◆ Exercise data ◆
┄┄┄┄┄┄

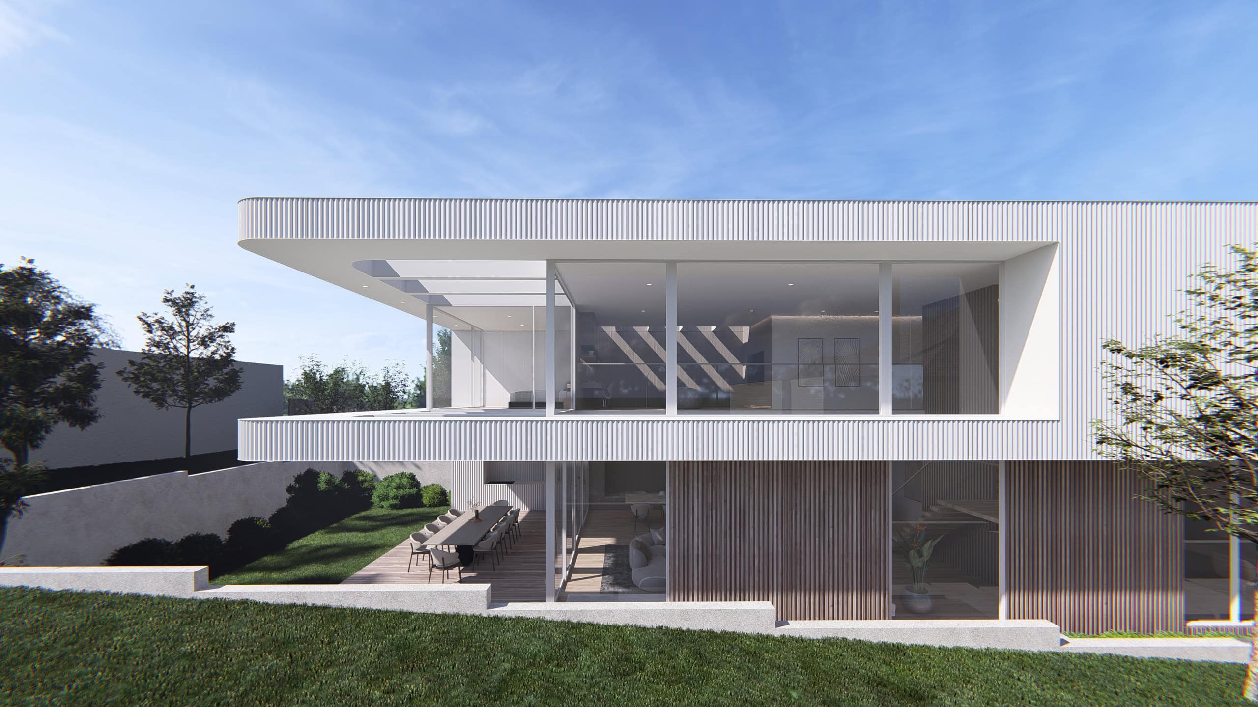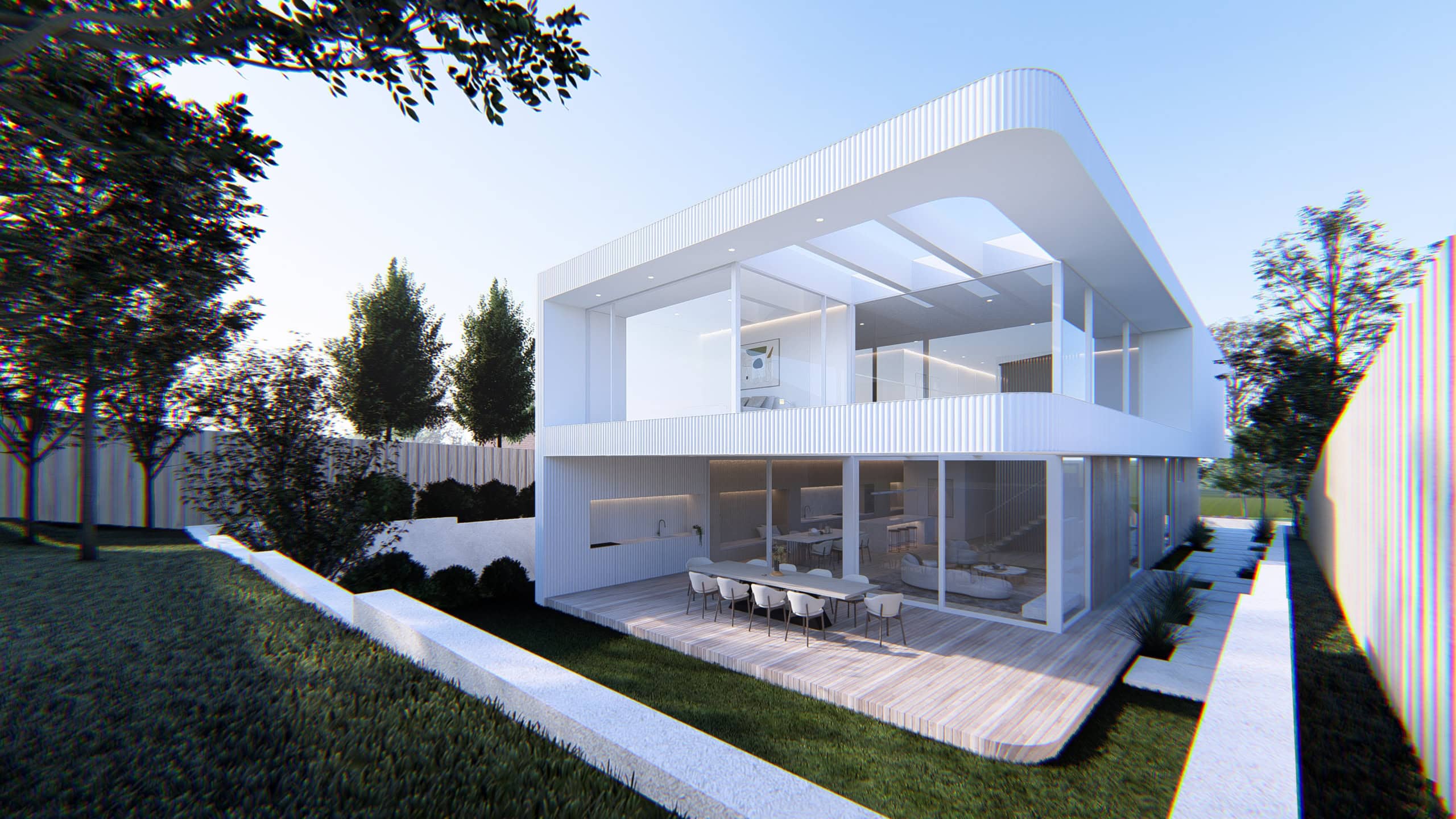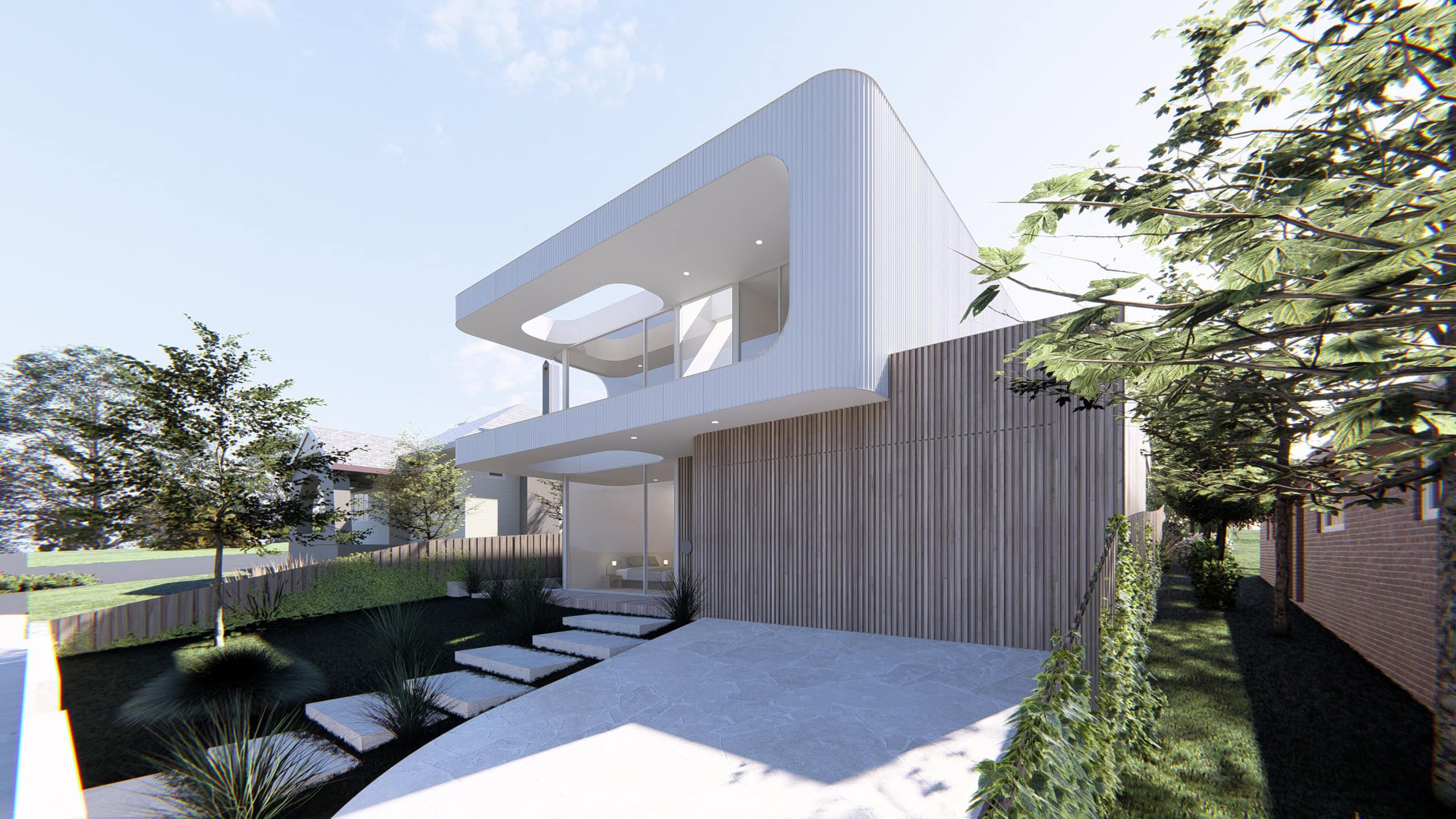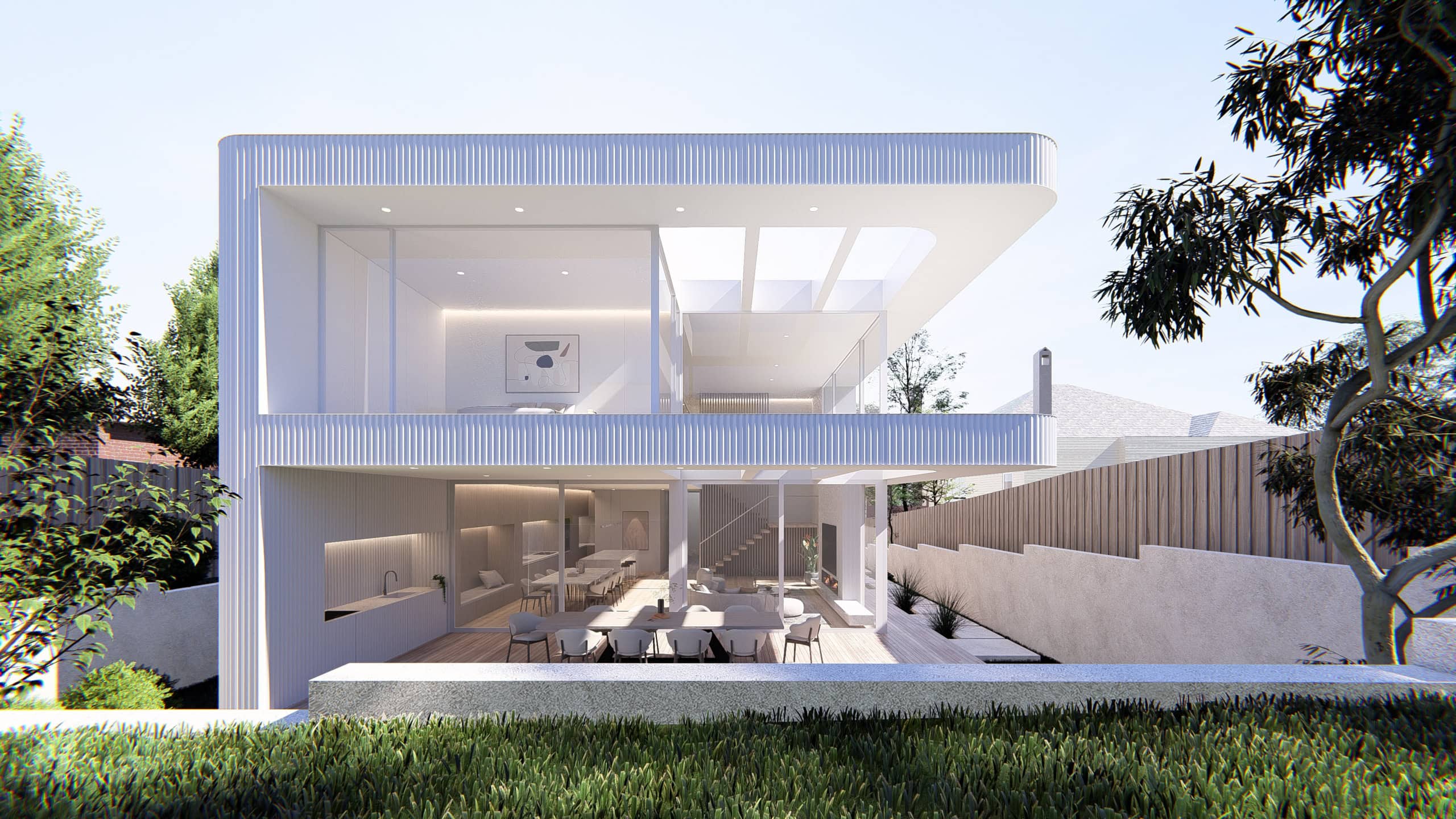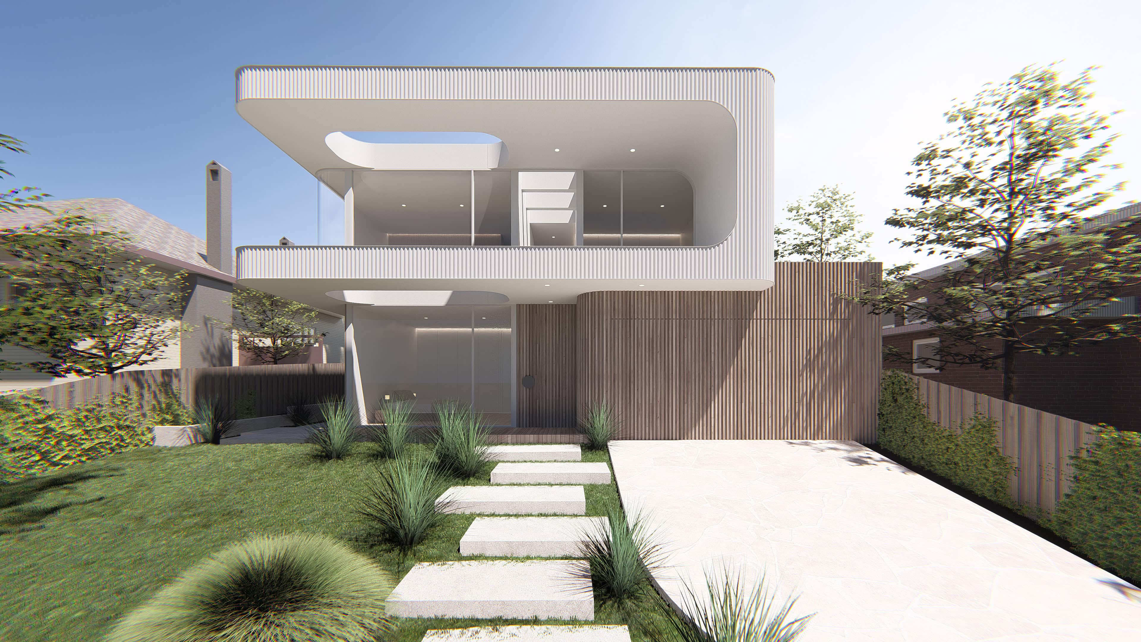 Kew Modern House is a refined contemporary residence that explores light, proportion, and softness through architectural form. Designed as a high-end family home in Melbourne’s inner east, the project is defined by its sculptural curved façade, layered materiality, and strong connection between indoor and outdoor living. A restrained palette of light-toned cladding, vertical timber battens, and expansive glazing creates a calm yet striking street presence while maintaining privacy within a suburban context.
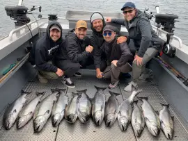 The most common salmon to catch from Ucluelet are Chinook(Kings) and Coho. On occasion you can also catch Pink salmon and rarely sockeye salmon. During August you may catch Sockeye salmon if using anchovies around SW corner. Sockeye are often restricted here for some odd reason as you rarely catch them.
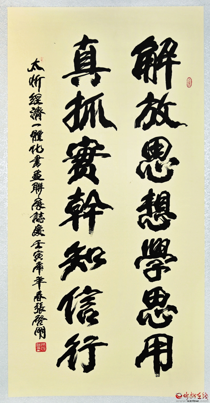 據(jù)悉,今年5月,忻州市文聯(lián)面向全市書畫界征集主題書畫作品,同時向書畫名家進行約稿,征集書法作品271件,美術(shù)作品30件。經(jīng)過公正嚴格組織評選,最后入選展覽作品80余件。作品藝術(shù)形式多樣,諸體兼?zhèn)?,?gòu)思新穎,具有較高的思想性與藝術(shù)性,從書法繪畫的視野,展現(xiàn)出太忻一體化經(jīng)濟區(qū)建設(shè)的進程,充盈著高雅的藝術(shù)格調(diào)和鮮活的時代氣息。
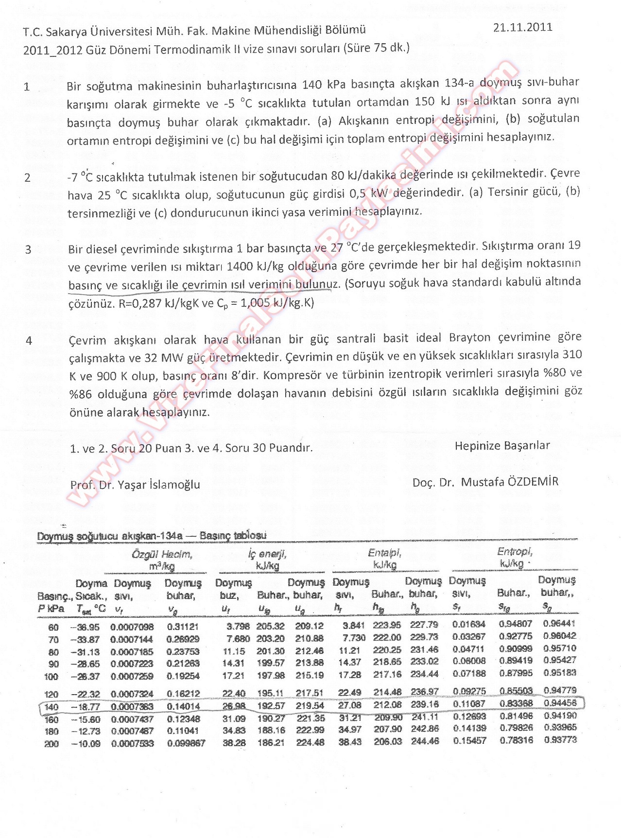 Vize ve Final Soruları / Sakarya Üniversitesi / Termodinamik-2

┄┄┄┄┄┄

◆ Activity ◆
Your reply must match the data above line for line, except that it holds no pictures.

◆ Solved exercise ◆
 Kew Modern House is a refined contemporary residence that explores light, proportion, and softness through architectural form. Designed as a high-end family home in Melbourne’s inner east, the project is defined by its sculptural curved façade, layered materiality, and strong connection between indoor and outdoor living. A restrained palette of light-toned cladding, vertical timber battens, and expansive glazing creates a calm yet striking street presence while maintaining privacy within a suburban context.
 The most common salmon to catch from Ucluelet are Chinook(Kings) and Coho. On occasion you can also catch Pink salmon and rarely sockeye salmon. During August you may catch Sockeye salmon if using anchovies around SW corner. Sockeye are often restricted here for some odd reason as you rarely catch them.
 據(jù)悉,今年5月,忻州市文聯(lián)面向全市書畫界征集主題書畫作品,同時向書畫名家進行約稿,征集書法作品271件,美術(shù)作品30件。經(jīng)過公正嚴格組織評選,最后入選展覽作品80余件。作品藝術(shù)形式多樣,諸體兼?zhèn)?,?gòu)思新穎,具有較高的思想性與藝術(shù)性,從書法繪畫的視野,展現(xiàn)出太忻一體化經(jīng)濟區(qū)建設(shè)的進程,充盈著高雅的藝術(shù)格調(diào)和鮮活的時代氣息。
 Vize ve Final Soruları / Sakarya Üniversitesi / Termodinamik-2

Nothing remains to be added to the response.